How should I model this situation?
I need to store different metrics about various companies. These will be present for every company:
- revenue
- ebitda
- cash
- receivables
- employees
- debt
each one has attributes such as:
- classification - is this the actual #, or an estimated one?
- amount in cents
- the date this value is relevant to
(and some other areas that might not be related)
- who it was entered by
- who it was approved by
However, I also need to allow users to create custom metrics, and capture these other things. For example, someone monitoring this company could want to record monthly users signups of a specific company.
It's safe to assume the majority of this will be time-series data, but not necessarily everything will be.
Here are my questions, starting with most-meta and going more granular:
How do I approach designing the way all this data is stored?
The crux of the question is that this data is sort of fundamentally unstructured, so where should the structure reside?
Are the areas I know I want to store different than the ones I don't, or should I build a way to have anything and then hardcode in the behavior for the metrics I know I'll want to record?

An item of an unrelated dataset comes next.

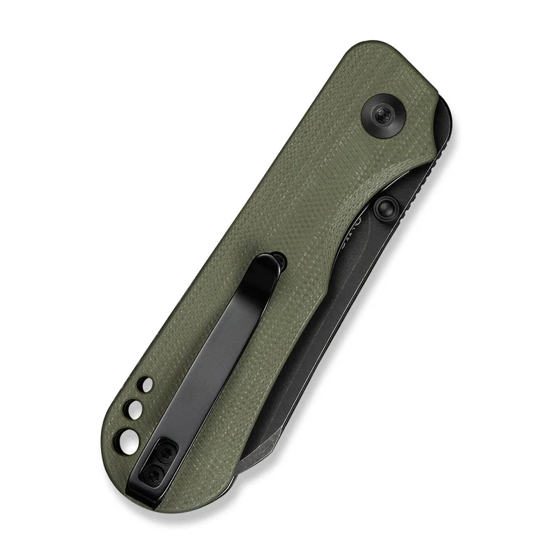Rękojeść – wykonana z kompozytu G10, oferuje lekkość, odporność na uszkodzenia mechaniczne i pewny chwyt – nawet w trudnych warunkach. Teksturowana powierzchnia poprawia kontrolę nad narzędziem, a kompaktowe wymiary wspierają mobilność i dyskrecję noszenia. Stalowe linersy i backspacer z G10 wzmacniają całą konstrukcję bez znaczącego wpływu na wagę. Mechanizm liner lock działa płynnie i niezawodnie, a otwarta konstrukcja rękojeści ułatwia utrzymanie noża w czystości. Nóż wyposażono w jednostronny klips typu tip-up po prawej stronie oraz otwór na linkę, który pozwala na zabezpieczenie noża lub jego personalizację. Rękojeść Crabby to udane połączenie ergonomii, wytrzymałości i taktycznego stylu – idealne dla codziennego użytkownika EDC.

Here's the path my mind leads me down, by table:
class Company.rb < ActiveRecord::Base
has_many :company_metrics
end
class CompanyMetric < ActiveRecord::Base
belongs_to :company
has_many :metric_attributes
end
class Attribute < ActiveRecord::Base
belongs_to :company_metric
belong_to :%(value_name_table)
end
Now these attributes can basically be stored one of several ways:
1) integer (or boolean) (for most everything)
2) bigint (for $$)
3) decimal (for %'s)
4) text
and also, a date will need to be stored at some level
Or is this a situation when I'd want to leverage ducktyping to the extreme? Define a model that serves as the sort of abstract interface to the variety of concrete instances of all the metrics in the db? (sorry for using java terms)
Companies need to be independent of how its metrics are created, composed, and represented. I also want metrics to behave on behalf of only one company.
class Metric
attr_accessor :relevance_date, :value, :value_type
def initialize(company:, metric_name)
#finds company
#grabs appropriate metric from aforementioned structure
#creates metric object
end
end
class Company << ActiveRecord::Base
def metric(metric_name)
Metric.new(self, metric_name)
end
end
This is making assumptions about the structure of the metrics I'll be storing. Ultimately, the way I'll want to use them most of the time is as a point in an array of time-series data so they can turn into graphs, or plug in calculations. So I think expecting stuff to behave like:
metric.relevance_date
metric.value
metric.value_type
Is reasonable.
I think your second post outlines a pretty good storage mechanism. You obviously want to actually make that a database backed model with a company_id
on it so you don't have to make up the metric and initialize methods since ActiveRecord takes care of that for you.
The trouble will be that if you want to actually query these things efficiently, you'll struggle. Each different datatype will be best stored as a string, because you can always convert things to and from the string type. However that means you can't query against these by data. Only the metadata columns will be useful for sorting and filtering the metric entries. There will be a good amount of Ruby processing to convert from string to date, decimal, int, etc.
If you need to, you could store these as separate tables, one for each datatype, so that you can store native datatypes in the database. Obviously, this is a case where a SQL database isn't ideal.